Biomedical engineering in heart-brain medicine: A review
ABSTRACT
New reports have emerged exploring the use of electrical stimulation of peripheral nerves in patients for the treatment of depression, heart failure, and hypertension. Abolishing renal sympathetic nerve activity in resistant hypertension has also been described. Since nerve bundles carry a variety of signals to multiple organs, it is necessary to develop technologies to stimulate or block targeted nerve fibers selectively. Mathematical modeling is a major tool for such development. Purposeful modeling is also needed to quantitatively characterize complex heart-brain interactions, allowing an improved understanding of physiological and clinical measurements. Automated control of therapeutic devices is a possible eventual outcome.

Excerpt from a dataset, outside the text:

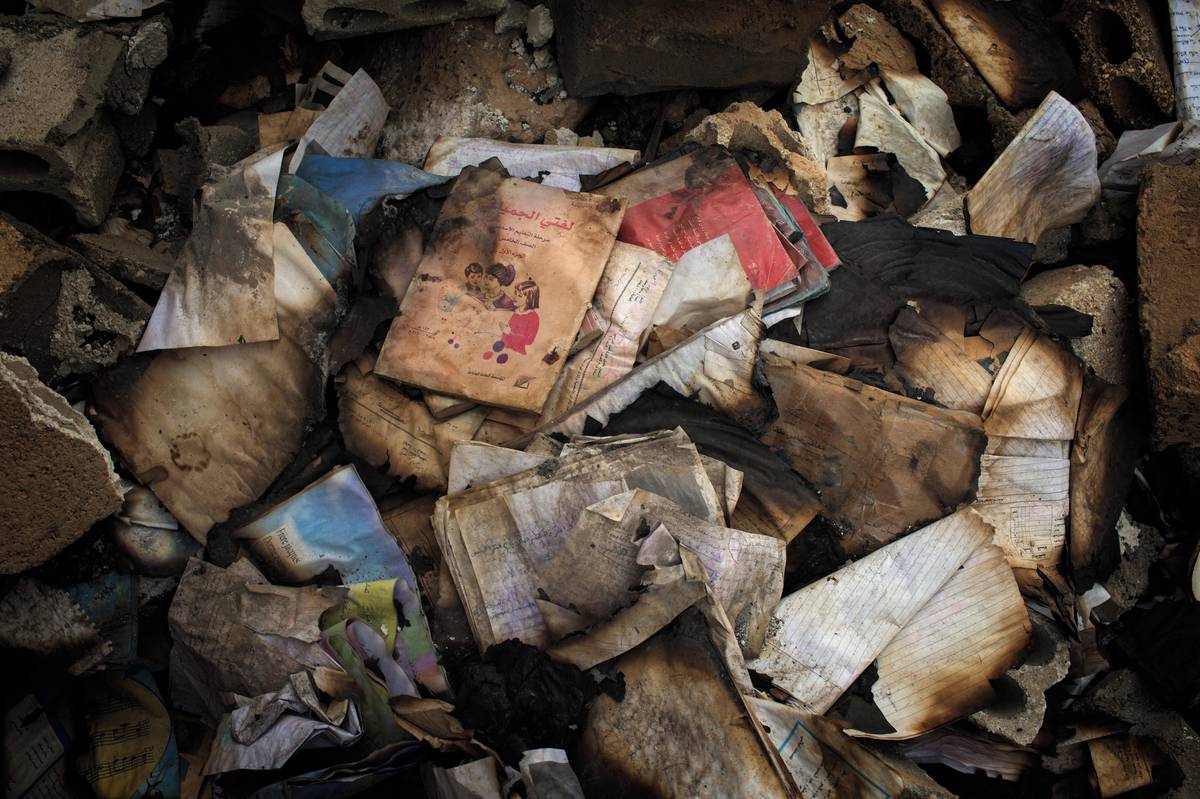 Stovky učebnic spálených extremisty z tzv. Islámského státu ve škole Hani Hakufa. Nejméně čtvrtina syrských škol byla poškozena nebo zničena. Al-Shaddadi, Sýrie, 11. dubna 2016.
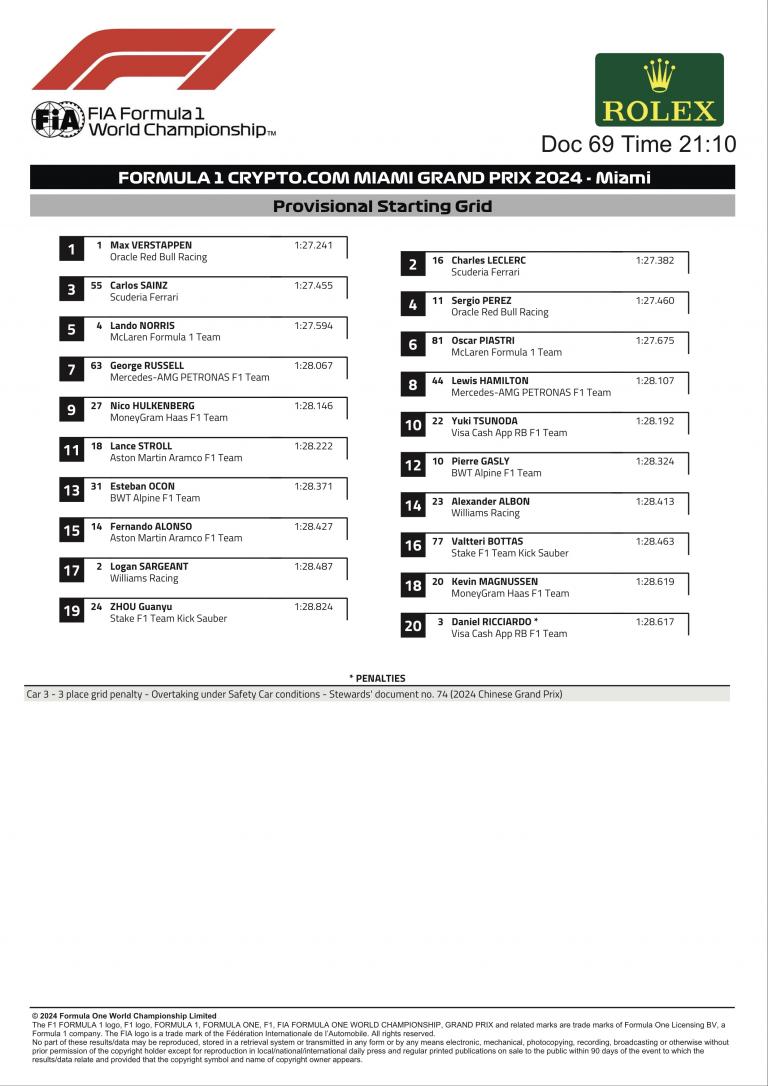 La quatrième ligne est occupée par les Mercedes de George Russell et Lewis Hamilton, classés septième et huitième. Nico Hülkenberg, au volant de sa Haas, a réitéré sa bonne performance de la Chine en se classant neuvième, et Yuki Tsunoda de l'équipe VCARB a vaillamment complété le top 10.

AUTOMATED CONTROL OF PHYSIOLOGIC VARIABLES
These initial experiences with baroreceptor stimulation, together with the results obtained by stimulating the vagus and ablating renal sympathetic nerves, indicate that device-based approaches may be useful additions to the treatment of drug-resistant hypertension and heart failure. The incorporation of control features that automatically respond to the changes in physiological states are natural extensions.35 As a recent example, in anesthetized dogs with heart failure and paced heart, systemic arterial pressure, cardiac output, and left atrial pressure were automatically regulated at set levels by a model-based infusion of nitroprusside, dobutamine, and volume expanders.36 When the heart rate was reduced, cardiac energetics (based on a reduction in left ventricular oxygen consumption) improved while the hemodynamic variables remained constant.
CONCLUSIONS
Biomedical engineering played a major role in linking measures of heart rate variation to sympathetic and parasympathetic contributions to cardiac control, as well as in demonstrating that the balance of control was correlated with a variety of disease states of heart and brain. However, much work remains to be done to fully realize the field’s potential for aiding clinicians in preventing or treating diseases. Further studies, some to be performed in chronically prepared animals, are needed to quantitatively characterize the many interacting mechanisms that determine cardiac function. Such studies would benefit from recording naturally occurring neural activity to and from the brain, and are already starting to benefit from the artificial electrical stimulation of nerves in both experimental animals and preliminary trials in patients.
The appropriate use of mathematical modeling is an essential tool for gaining in-depth understanding of physiological function. Mathematical modeling is also essential for developing stimulators that selectively stimulate those nerves that control the function to be influenced. The determination of stimulation parameters, based on understanding rather than on trial and error, is highly desirable. The use of “intelligent” stimulators, automatically controlled by appropriate physiological measurements, is an ambitious but achievable goal for improving human health.